START SUPPLIED DATA

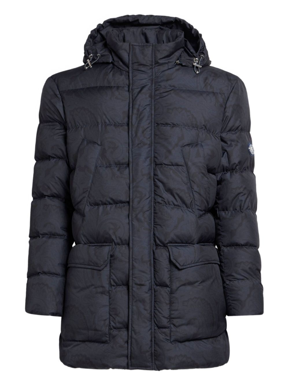 quilted hooded puffer jacket Highlights - Black - Padded design - Detachable hood - Four front pockets - Paisley pattern Made in Italy Composition Down 85%, Feather 15% Lining: Polyester 100% Outer: Polyester 100% Washing instructions Read Manufacturer Guidelines
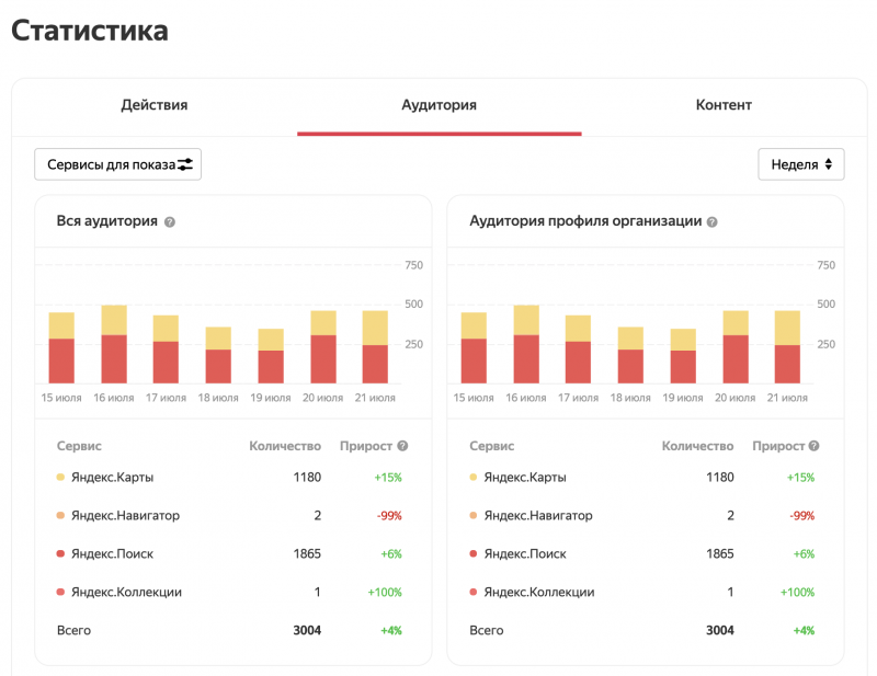 · Действия — взаимодействие пользователей с данными организации в профиле на поиске и Картах.
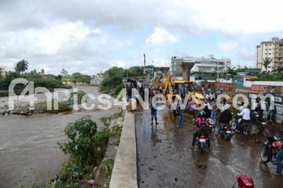 Photo Caption : Rescue team in action at the spot where two KSRTC bus, cement mixing vehicle and car stuck in the flood on Mysuru Road Higway, near Kengeri, after heavy rainfall whole night in the city, in Bengaluru on Sunday 10th September 2017
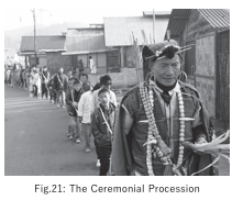 Penii refers to a long ceremonial procession performed by the clan of the Muruñ performer. Men, women and children belonging to the particular clan arrive at the host’s house early in the morning (of the fi nal day of Muruñ) for procession. All of them wear the traditional attires and ornaments and the men carry traditional sword with them. The elderly men and the shaman lead the procession and the procession goes in a systematic way. It starts from the host’s house and goes to all the villages in the valley and returns to the house in the evening. During the procession, they enter other villages, and people from those villages welcome them and offer different kinds of refreshment, rice beer etc. In some villages they sacrifi ce mithun and host them with a grand feast, depending on the relationship or friendship between the host and others.
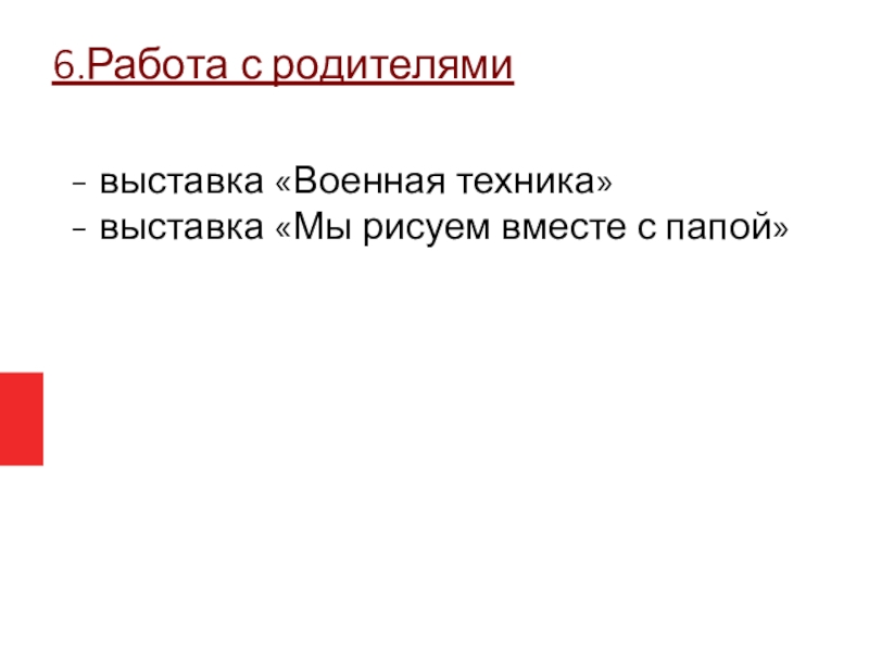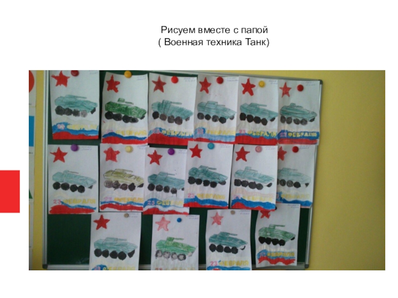 6.Работа с родителями - выставка «Военная техника» - выставка «Мы рисуем вместе с папой»
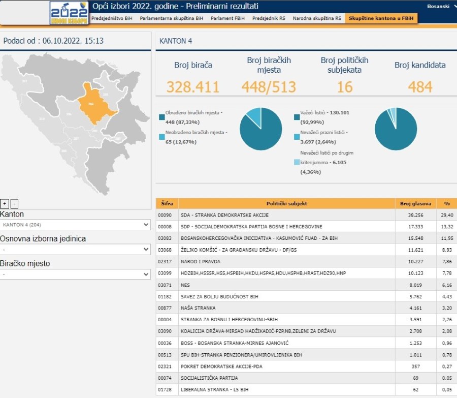 Nakon 87,33 posto prebrojanih glasova (448 biračkih mjesta) cenzus nisu prošli SBiH, Koalicija Država, BOSS, SPU BIH, PDA, SP i LS BIH. Nedostaju rezulati sa još 65 birališta, odnosno 12,67 posto glasova.

END SUPPLIED DATA

WORK ORDER: Each entry above must be duplicated precisely; none of the pictures may be included.

REPLY TO THE EXERCISE:
 quilted hooded puffer jacket Highlights - Black - Padded design - Detachable hood - Four front pockets - Paisley pattern Made in Italy Composition Down 85%, Feather 15% Lining: Polyester 100% Outer: Polyester 100% Washing instructions Read Manufacturer Guidelines
 · Действия — взаимодействие пользователей с данными организации в профиле на поиске и Картах.
 Photo Caption : Rescue team in action at the spot where two KSRTC bus, cement mixing vehicle and car stuck in the flood on Mysuru Road Higway, near Kengeri, after heavy rainfall whole night in the city, in Bengaluru on Sunday 10th September 2017
 Penii refers to a long ceremonial procession performed by the clan of the Muruñ performer. Men, women and children belonging to the particular clan arrive at the host’s house early in the morning (of the fi nal day of Muruñ) for procession. All of them wear the traditional attires and ornaments and the men carry traditional sword with them. The elderly men and the shaman lead the procession and the procession goes in a systematic way. It starts from the host’s house and goes to all the villages in the valley and returns to the house in the evening. During the procession, they enter other villages, and people from those villages welcome them and offer different kinds of refreshment, rice beer etc. In some villages they sacrifi ce mithun and host them with a grand feast, depending on the relationship or friendship between the host and others.
 6.Работа с родителями - выставка «Военная техника» - выставка «Мы рисуем вместе с папой»
 Nakon 87,33 posto prebrojanih glasova (448 biračkih mjesta) cenzus nisu prošli SBiH, Koalicija Država, BOSS, SPU BIH, PDA, SP i LS BIH. Nedostaju rezulati sa još 65 birališta, odnosno 12,67 posto glasova.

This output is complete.